The Broadwater Beach was distinguished by many huge pines and live oaks. Many of the trees were damaged by the storm and needed extensive pruning of dead and damaged wood. Others were damaged beyond repair and had to be removed.
It is not a cliche to say some of the oaks and other deciduous trees had been torn out by the roots.
The roots held on, but the tree is a good example of one that didn't bend, but broke.
This tree split at the base from the force of the wind. It's a goner and has to be removed.
Watching tree removal isn't a common spectator sport, but we spent quite a few hours watching this tree come down. It was a work of art in its way.
A team of loggers has arrived to begin bringing the tree down.

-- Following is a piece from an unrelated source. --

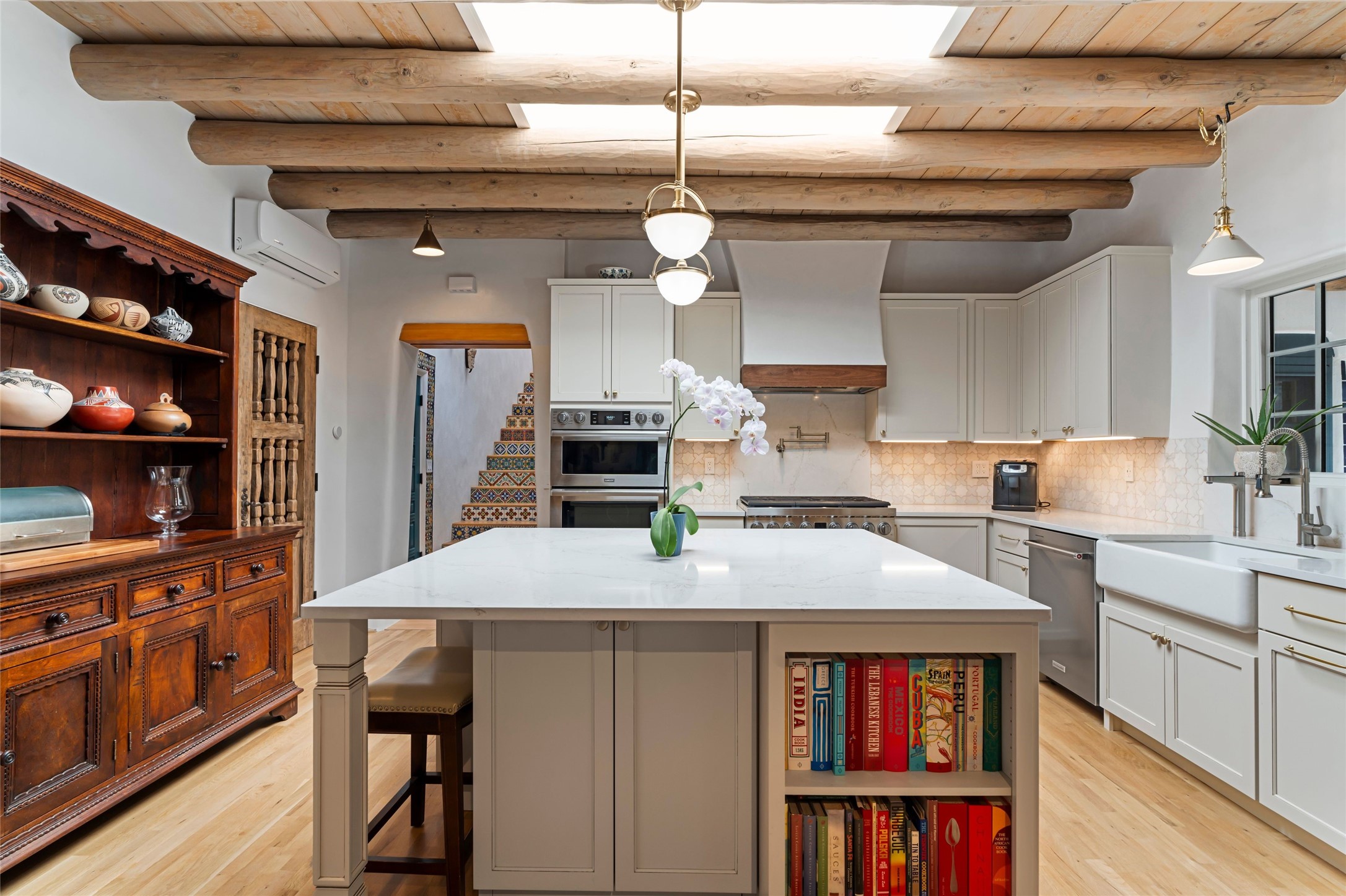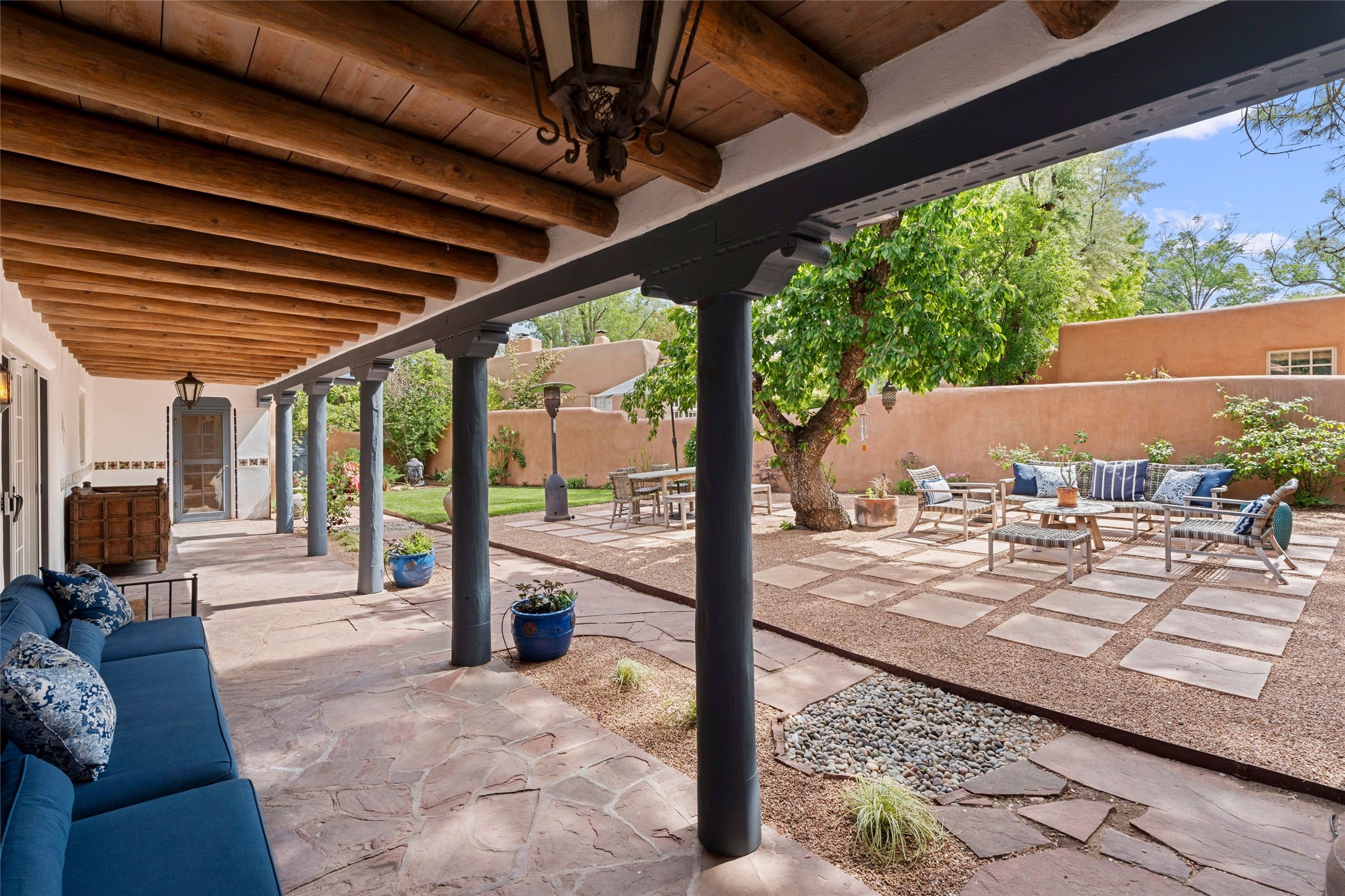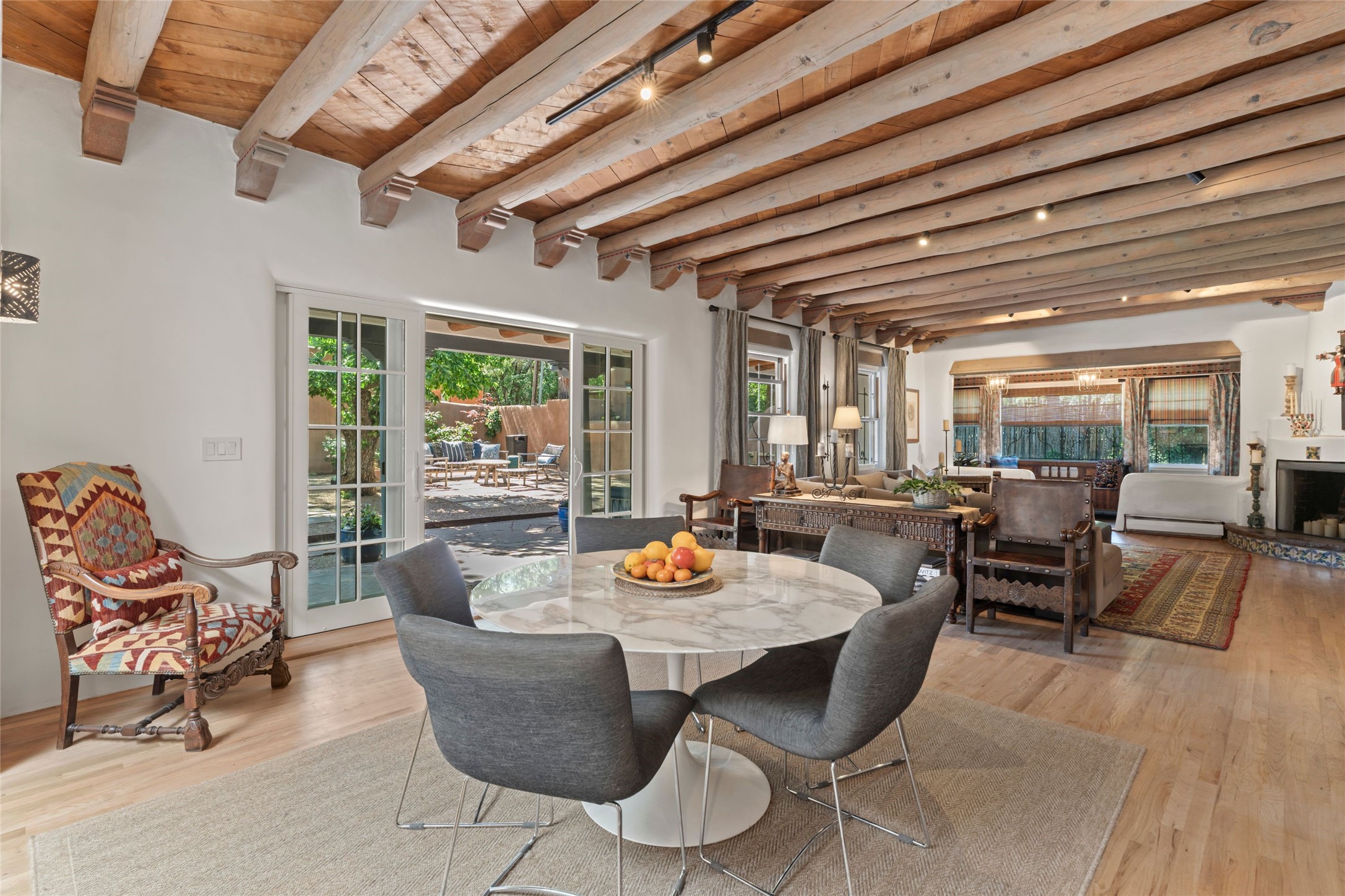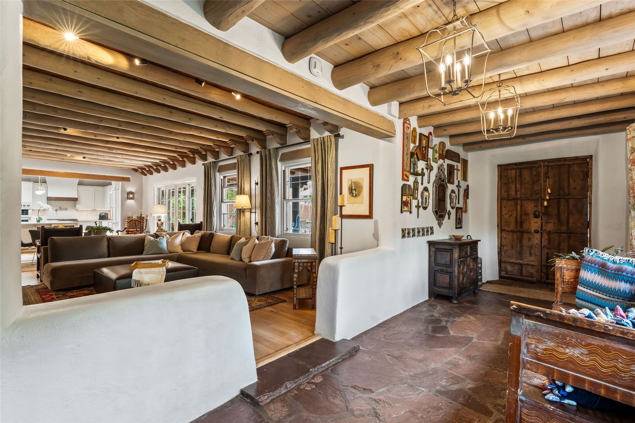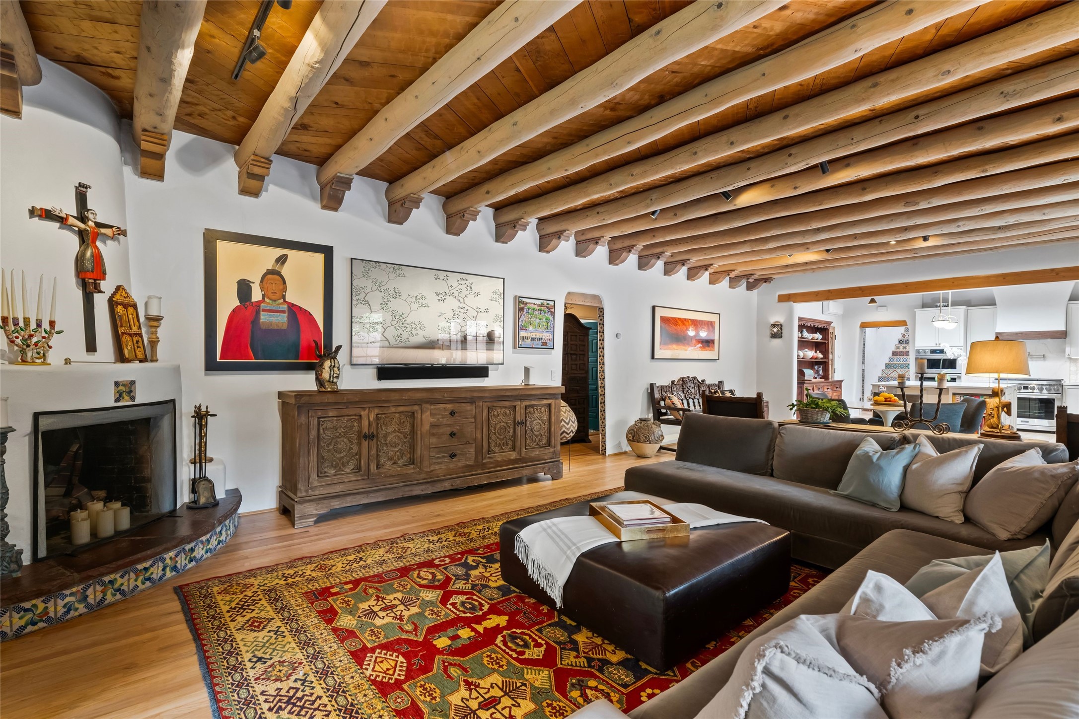 This Historic Eastside 4-bedroom, 4-bath residence fronting the picturesque Acequia Madre de Santa Fe offers a seamless blend of historic character and modern sensibility. Lot extends from Camino del Poniente to Acequia Madre with private access and parking off both streets. As you enter, a generous grand foyer welcomes you, setting the tone for this extraordinary home. With 3 wood-burning fireplaces, the inviting warmth of the living spaces is enhanced by traditional plastered walls, carved doors, exposed vigas and beams. The floors, a blend of wood, flagstone, and brick, tell a story of artisanal craftsmanship, while colorful tiles add character throughout. The formal dining room, equipped with built-in shelving and cabinets, is perfect for hosting elegant dinners, while the spacious kitchen is a culinary haven. Skylights flood the area with natural light, illuminating a center island complete with a wine fridge, a farmhouse sink, and high-end appliances. An informal dining area opens to an outdoor portal and patio, offering an ideal backdrop for al fresco gatherings. Upstairs, a versatile space awaits as a second living area, bedroom, or office. The attached casita is a private one-bedroom suite complete with a kitchen, full bath, washer, dryer, and dedicated parking area. The private wraparound yard, with mature flowering fruit and shade trees, offers a peaceful outdoor retreat in the heart of the city. Recent enhancements include the replacement of majority plumbing pipes, sewer line, and numerous windows. Additionally, leased water rights from the Acequia Madre are available. Located in a coveted area a block away from Canyon Road and a short distance to the Santa Fe Plaza.

We asked them if they minded if we watched -- since this is a dangerous job we didn't want to distract them from their work. Besides, some people are superstitious. They didn't mind a bit, so we pulled out lawn chairs and a cooler and set up a tailgate party.
The first step was to remove all the limbs. As I recall, the limbs were just allowed to fall to the base of the tree.
The next challenge was to bring down the trunk. As can be seen, these are very tall trees!
The area around the trees is highly built up. The swing set is the closest thing, but there are cabins and other buildings nearby. For this reason the trunk came down in segments. The loggers roped a segment to the tree itself or to a neighboring tree so that it could be lowered gradually and precisely. Not only did the loggers not want to damage adjacent structures; they didn't want to leave huge holes in the lawn.
The last section of the tree is coming down.
The remaining stump is felled in the normal way. At this point it can be controlled so that it won't hit anything.
After the work was done, the 100+ foot tree was compactly arranged around its base without disturbing the swing set. In the coming days, the branches and logs were hauled away and the stump removed.
The nearby swing set wasn't even scratched.
I don't remember if we had a chainsaw before watching this, but I know that Jim has always loved a Stihl -- although not as large as the one shown here.
After the work was done we invited the loggers over for a beer, which they much appreciated.
There were many other trees that needed work, but we never saw these folks again. I expect they were specialists and much in demand.
Some of the other ongoing work.
The sign on the truck is Mississippi Tree Services. It is still (2020) in business after 43 years!
One of the oak trees that received a lot of damage. I'm sure this one had to be taken down as well.
No. 305, our favorite cabin, was sheltered from the worst damage.